[Extracted information]:
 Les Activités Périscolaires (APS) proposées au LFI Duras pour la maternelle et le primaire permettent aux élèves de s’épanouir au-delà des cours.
---
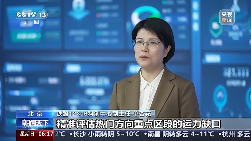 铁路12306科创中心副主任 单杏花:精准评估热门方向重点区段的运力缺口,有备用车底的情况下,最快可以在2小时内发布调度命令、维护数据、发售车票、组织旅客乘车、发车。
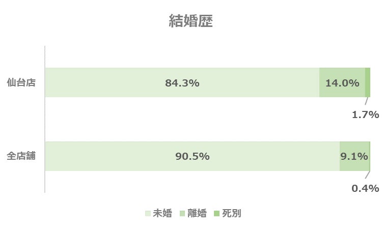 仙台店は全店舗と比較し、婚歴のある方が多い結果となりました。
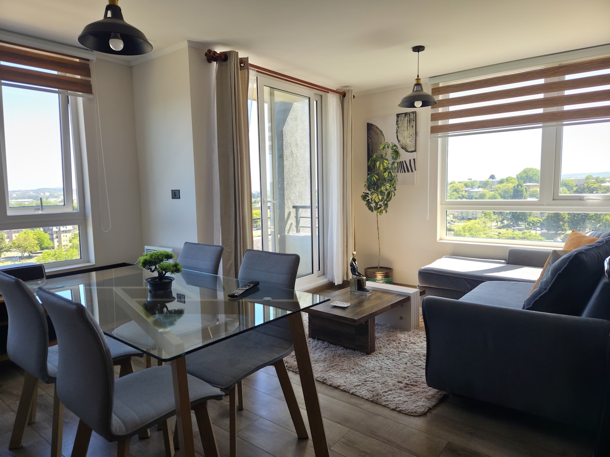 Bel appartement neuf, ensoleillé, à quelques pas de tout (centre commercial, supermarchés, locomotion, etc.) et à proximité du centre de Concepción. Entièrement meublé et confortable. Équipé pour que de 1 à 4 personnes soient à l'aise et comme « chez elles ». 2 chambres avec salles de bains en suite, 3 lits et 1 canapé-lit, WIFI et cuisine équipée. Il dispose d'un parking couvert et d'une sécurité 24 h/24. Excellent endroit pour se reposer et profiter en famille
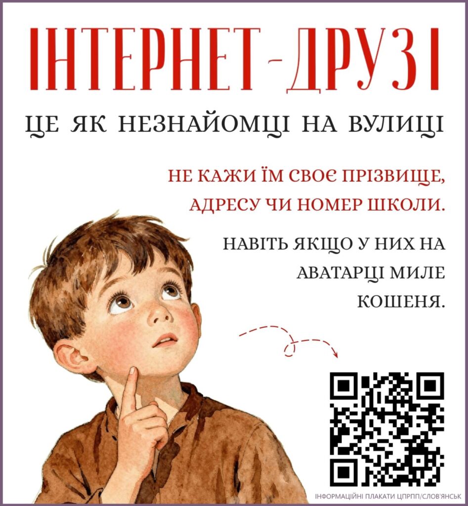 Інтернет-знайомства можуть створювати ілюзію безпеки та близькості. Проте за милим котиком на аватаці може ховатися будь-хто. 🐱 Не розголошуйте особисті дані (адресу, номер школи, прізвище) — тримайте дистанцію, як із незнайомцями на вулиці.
--
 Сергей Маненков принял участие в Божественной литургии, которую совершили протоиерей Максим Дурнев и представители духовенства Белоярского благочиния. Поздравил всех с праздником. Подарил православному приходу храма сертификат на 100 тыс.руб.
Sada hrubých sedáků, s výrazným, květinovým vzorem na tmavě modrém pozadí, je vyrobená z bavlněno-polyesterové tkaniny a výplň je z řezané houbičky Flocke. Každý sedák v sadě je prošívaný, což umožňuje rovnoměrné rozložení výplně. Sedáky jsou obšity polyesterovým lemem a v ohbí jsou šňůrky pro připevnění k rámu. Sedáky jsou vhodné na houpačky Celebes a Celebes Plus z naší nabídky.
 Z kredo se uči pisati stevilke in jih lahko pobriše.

[What to do]:
Word for word, restate the lines of the data above that fall between the line holding "Sada hrubých sedáků, s" and the line holding "Z kredo se uči", inclusive, and no other lines.

[Solution for this task]:
Sada hrubých sedáků, s výrazným, květinovým vzorem na tmavě modrém pozadí, je vyrobená z bavlněno-polyesterové tkaniny a výplň je z řezané houbičky Flocke. Každý sedák v sadě je prošívaný, což umožňuje rovnoměrné rozložení výplně. Sedáky jsou obšity polyesterovým lemem a v ohbí jsou šňůrky pro připevnění k rámu. Sedáky jsou vhodné na houpačky Celebes a Celebes Plus z naší nabídky.
 Z kredo se uči pisati stevilke in jih lahko pobriše.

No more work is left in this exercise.